Remix.run Logo
saidnooneever 3 hours ago

the catting issue might be more an implementation of bzip program problem than algorithm (it could expect an array of compressed files). that would only be impossible if the program cannot reason about the length of data from file header, which again is technically not something about compression algo but rather file format its carried through.

that being said, speed is important for compression so for systems like webservers etc its an easy sell ofc. very strong point (and smarter implementation in programs) for gzip

nine_k 3 hours ago | parent | next [-]

Bzip2 is great for files that are compressed once, get decompressed many times, and the size is important. A good example is a software release.

pocksuppet 2 hours ago | parent [-]

So is xz, or zstd, and the files are smaller. bzip2 disappeared from software releases when xz was widely available. gzip often remains, as the most compatible option, the FAT32 of compression algorithms.

joecool1029 3 hours ago | parent | prev [-]

> the catting issue might be more an implementation of bzip program problem than algorithm (it could expect an array of compressed files). that would only be impossible if the program cannot reason about the length of data from file header, which again is technically not something about compression algo but rather file format its carried through.

Long comment to just say: ‘I have no idea about what I’m writing about’

These compression algorithms do not have anything to do with filesystem structure. Anyway the reason you can’t cat together parts of bzip2 but you can with zstd (and gzip) is because zstd does everything in frames and everything in those frames can be decompressed separately (so you can seek and decompress parts). Bzip2 doesn’t do that.

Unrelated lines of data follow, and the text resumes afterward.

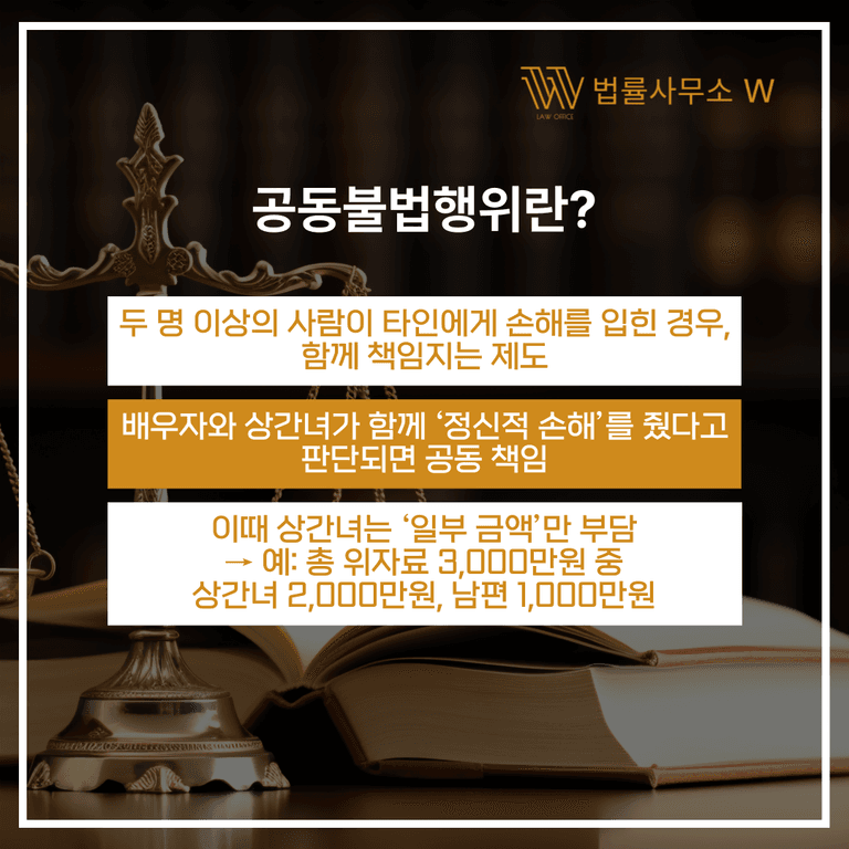 이혼 후 상간녀소송: 두 사건을 동시에 진행해 배우자와 상간녀를 공동책임자로 만들 수 있습니다. 이때는 ‘공동불법행위’ 원칙이 적용됩니다.
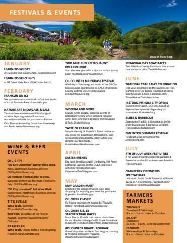J A N UA RYLEARN-TO-SKI DAY at Two Mile Run County Park. TwoMileRun.netLEARN-TO-SKI CLINICS at Oil Creek State Park. DCNR.State.PA.US F E B R UA RYFRANKLIN ON ICE See professionals carve blocks of ice into works of art at Fountain Park. FranklinPa.gov NATURE ART SHOWCASE & SALE Two-day free admission exhibit of original artwork depic%u019fng nature & outdoor recrea%u019fon available for purchase at Barrow Civic Theatre hosted by Council on Greenways and Trails. NwpaGreenways.org TWO MILE RUN JUSTUS JAUNT POLAR PLUNGEStart the new year with a nice ice bath in Justus Lake! Facebook.com/TwoMileRunOIL COUNTRY BLUEGRASS FESTIVAL A full day of live bluegrass music at the Oil CityMoose Lodge coordinated by CASA of Venango County and the Oil City Arts Council. OilCityArtsCouncil.org M A R C HWISDOM AND MORE Engage in the people, places & events of petroleum history while sampling regional wine, beer, and more at Drake Well Museum & Park. DrakeWell.org TASTE OF FRANKLINSample the city of Franklin%u2019s finest cuisine as you enjoy the Downtown atmosphere. Visit restaurants and specialty stores while you delight your tastebuds. FranklinRetailAndBusiness.comA P R I LEASTER EVENTS Egg hunt, breakfasts with the Bunny, the Peter Co%u01a9ontail Express on the OC&T, and more ac%u019fvi%u019fes for kids of all ages. ExperienceTheOilRegion.com M AYMAY GARDEN MART Celebrate the arrival of spring. One-stop shopping for anything you need for your lawn & garden. FranklinPa.gov OIL CREEK CLASSIC Fly fishing tournament hosted by Titusville Rotary. Facebook.com/OilCreekClassicOIL CREEK 5 & 13 STACKED TRAIL RACES Run a five or 13-mile trail race or stack them for an 18-mile challenge in Oil Creek State Park to benefit Friends of Drake Well. DrakeWell.orgROUGHNECK GRAVEL ROUBAIX Gravel bicycle race/ride in four lengths, star%u019fng & finishing in Historic Titusville. RoughneckGravelRoubaix.comMEMORIAL DAY BOAT RACES Two Mile Run County Park hosts this annual race on Justus Lake. TwoMileRun.netJ U N ENATIONAL TRAILS DAY CELEBRATIONFind your adventure on the Queen City Trail, star%u019fng at Jersey Bridge Trailhead at Drake Well Museum & Park. Facebook.com/TitusvilleAreaTrailsAssocia%u019fonHISTORIC PITHOLE CITY OPENSVisitor Center open June 1 to August 31. Explore Pennsylvania%u2019s legendary oil boomtown. DrakeWell.org BLUES & BARBEQUE Downtown Franklin is the place to be for great blues music & barbecue vendors. FranklinBluesAndBBQ.com EMLENTON SUMMER FESTIVAL Held each year at Hughes Park. EmlentonPa.com J U LY4TH OF JULY WEEK FESTIVITIES A full week of nightly concerts, parades & fireworks on the 4th in downtown Franklin. FranklinPa.govCRANBERRY FIREWORKS SPECTACULAR Live music, food, fun & fireworks at Routes 322 & 257 in Cranberry. Facebook.com/CranberryFireworksSpectacular28FA R M E R S M A R K E T STITUSVILLETuesdays & Saturdays9 a.m. - 1 p.m. June to OctoberOIL CITYThursdays11 a.m. - 6 p.m. June to SeptemberFRANKLINWednesdays & Saturdays8 a.m. - Noon June to OctoberW I N E & B E E R E V E N T SO I L C I T Y%u201cOil City Uncorked%u201d Spring Wine Walk. April. Southside Business District.OilCityMainStreet.orgOil Heritage Fes%u019fval Bike %u2019n Brew. Saturday before Oil Heritage Fes%u019fval in July. OHFBikeNBrew.org%u201cOil City Uncorked%u201d Fall Wine Walk. September. Northside Business District.OilCityMainStreet.orgT I T U S V I L L EWine Walk. Summer. TitusvillePaChamber.orgBeer Fest. Saturday of Oil Fest in August. TapIntoTitusvillePa.com/CalendarF R A N K L I NWine Walk. Friday before Thanksgiving. FranklinAreaChamber.orgFESTIVALS & EVENTSRock in River Fest
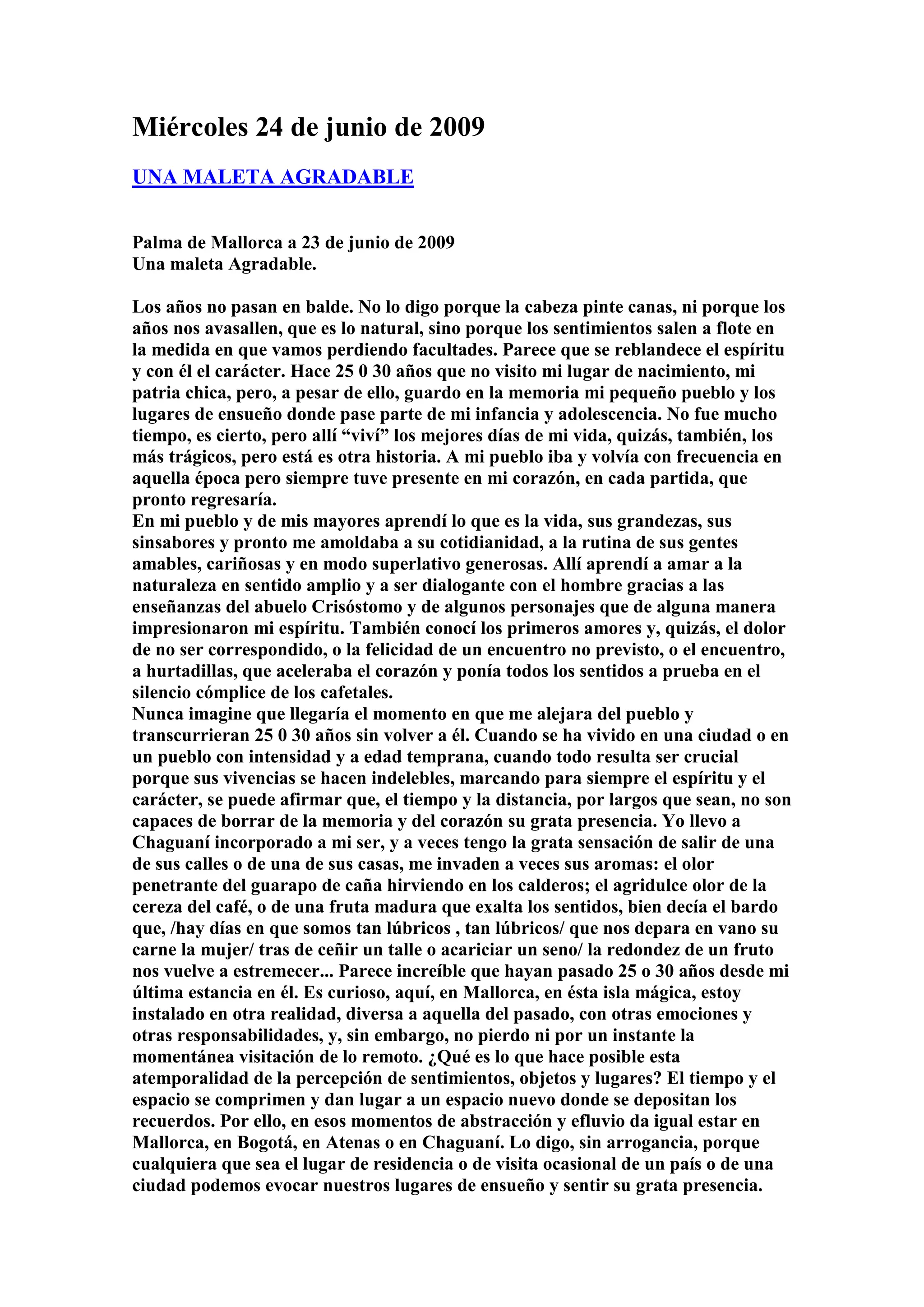 Este documento describe los recuerdos del autor de su pueblo natal, Chaguaní, del que se alejó hace 25-30 años. El autor expresa que a pesar del tiempo transcurrido, aún guarda recuerdos vívidos e indelebles de su infancia y adolescencia en el pueblo, incluyendo personas, paisajes y aromas. Aunque ahora vive en Mallorca, el autor es capaz de evocar con facilidad sus lugares de ensueño en Chaguaní a través de la memoria y la imaginación. Concluye que solo olvidamos
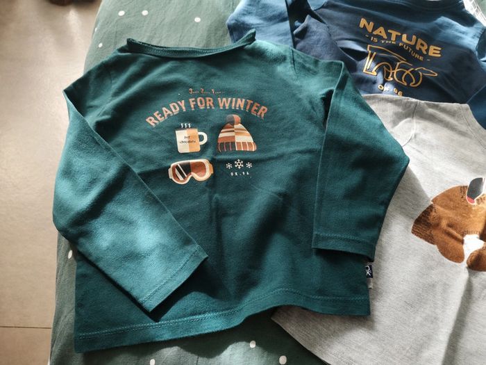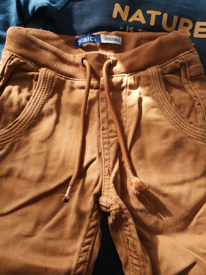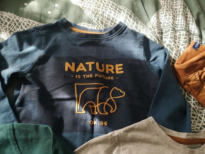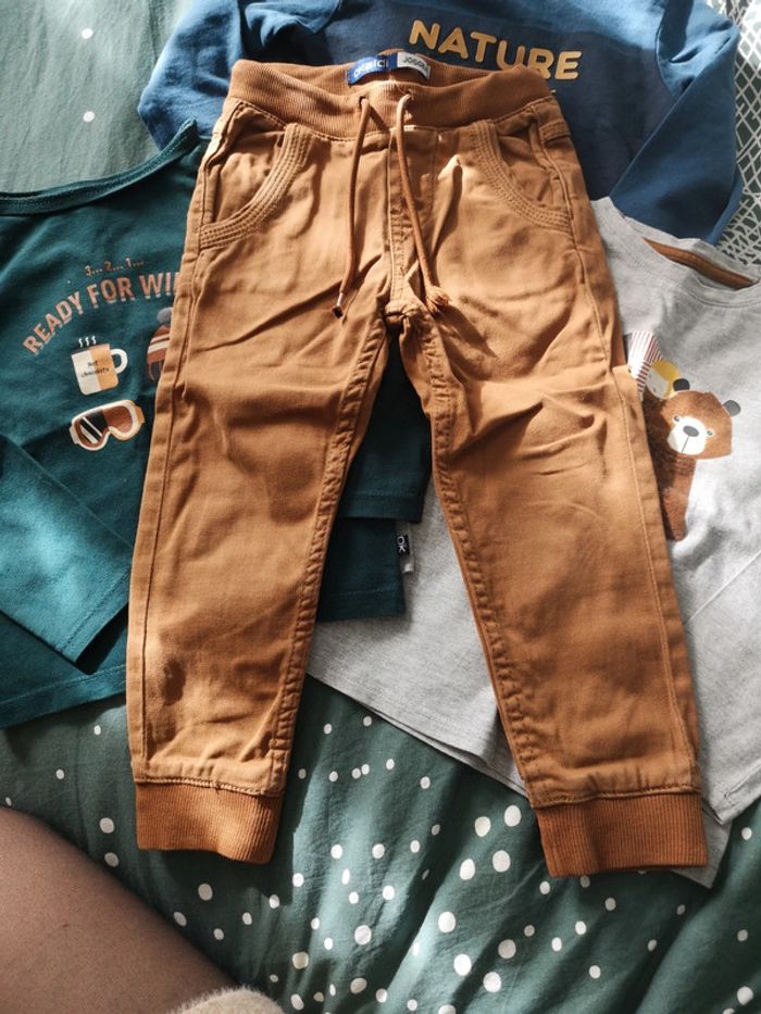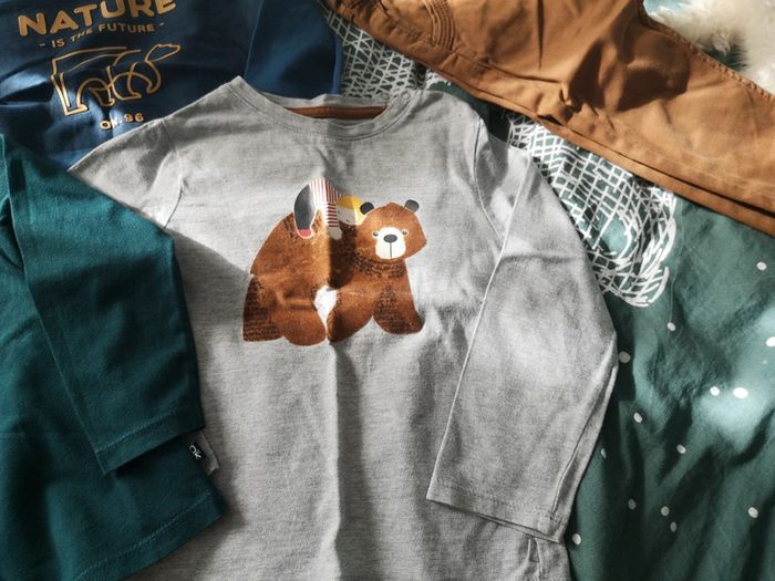 Beau pantalon noisette en très bon état excepté le cordon de serrage sur un des 2 bouts. 3 ans 3 T shirts manches longues 3 ans à motifs 1er achat ! Très bon état

So like, another place bzip2 sucks ass is working with large archives because you need to seek the entire archive before you can decompress it and it makes situations without parity data way more likely to cause dataloss of the whole archive. Really, don’t use it unless you have a super specific use case and know the tradeoffs, for the average person it was great when we would spend the time compressing to save the time sending over dialup.